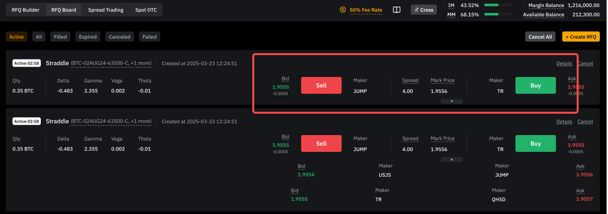 第 2 步:当前有效标签页项下会显示匹配您 RFQ 的最优买卖报价。点击展开图标,即可查看最多 3 个最具竞争力的报价,然后点击买入或卖出即可接受报价。
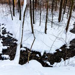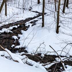 Der Haddesser Bach schlängelt sich durch das Falltal und zeichnet sich im verschneiten Talgrund besonders gut ab.
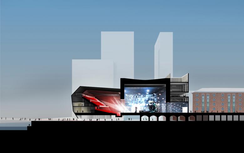 Since it was launched in 2007, Manchester International Festival has taken place in existing buildings both large and small throughout the city. But spaces with the qualities needed by the art pieces commissioned by the Festival are fewer and fewer, disappearing amid Manchester’s fast-paced redevelopment into England’s new economic hub. In 2015 Manchester City Council launched an architecture competition for a new kind of art venue for Manchester International Festival (MIF), capable of hosting both art performances and exhibitions, separately or simultaneously.

* **What you need to do**
Line by line, reproduce the material above exactly, leaving each picture out.

* **Exercise answer**
 第 2 步:当前有效标签页项下会显示匹配您 RFQ 的最优买卖报价。点击展开图标,即可查看最多 3 个最具竞争力的报价,然后点击买入或卖出即可接受报价。
 Der Haddesser Bach schlängelt sich durch das Falltal und zeichnet sich im verschneiten Talgrund besonders gut ab.
 Since it was launched in 2007, Manchester International Festival has taken place in existing buildings both large and small throughout the city. But spaces with the qualities needed by the art pieces commissioned by the Festival are fewer and fewer, disappearing amid Manchester’s fast-paced redevelopment into England’s new economic hub. In 2015 Manchester City Council launched an architecture competition for a new kind of art venue for Manchester International Festival (MIF), capable of hosting both art performances and exhibitions, separately or simultaneously.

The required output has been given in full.